Front-Line Treatment in Immune Thrombocytopenia Using Eltrombopag and High-Doses of Dexamethasone, Long-Term Follow-up

Introduction

Primary immune thrombocytopenia (ITP) is an autoimmune disease that results in platelet destruction as well as suppression in its production. There are a large number of therapeutic options, however, achieving a long-term and safe response has been the subject of study. As front-line therapies, gammaglobulin and corticosteroids are the most common treatments, however our group reported the use of eltrombopag and high doses of dexamethasone in the first line of treatment. In this study update we propose to inform the combined effectiveness of eltrombopag and dexamethasone at high doses as first line with a median follow-up of 4 years.

Material and methods

A prospective longitudinal single arm study was performed in patients with ITP at the University Hospital "Dr. José Eleuterio González "in Monterrey Mexico and of the Clinic Ruiz in Puebla, Mexico.
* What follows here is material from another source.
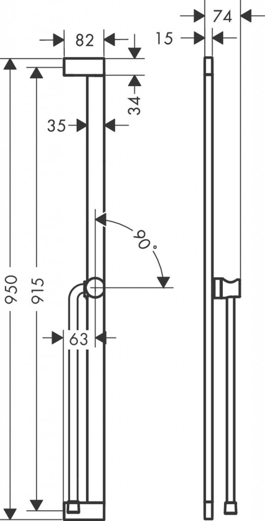 Sprchová tyč Unica E Puro 90, s hadicí a držákem

Patients older than 18 years, with bleeding manifestations and platelet count <30 x 109 / L without previous treatment were included. Treatment consisted of eltrombopag (50 mg daily, day 1-28) in addition to dexamethasone (40 mg PO, day 1-4) on an outpatient basis. A platelet count> 30 x 10⁹ / L and complete response (CR)> 100 x 10⁹ / L was considered partial response (PR). Relapse-free survival was considered from the initial response day until the presence of relapse <30 x 10⁹ / L and the duration of the response as the maintenance period of the PR or CR.

Results

We included 9 patients from June 2012 to July 2013. The median follow-up was 41 months (10-51). At diagnosis, the median platelet count was 23.4 x 10⁹ (2-30) and at the end of follow-up was 89 x 10⁹ (65-282). Currently 5 patients (55.6%) maintained CR and 4 (44.4%) PR. Three patients relapsed during follow-up at a median of 7 months (1-14), of whom 2 achieved PR and 1 CR subsequently. The relapse free survival (RFS) was 64% at 2 years. There were no manifestations of bleeding, no events of myelofibrosis or venous thrombosis were recorded and treatment was well tolerated.

CONCLUSIONS

Combined eltrombopag and high-dose dexamethasone therapy is a viable first-line option in ITP that can generate sustained complete long-term response in adult patients. Clinical trials with larger numbers of samples are required, as well as randomized comparative studies.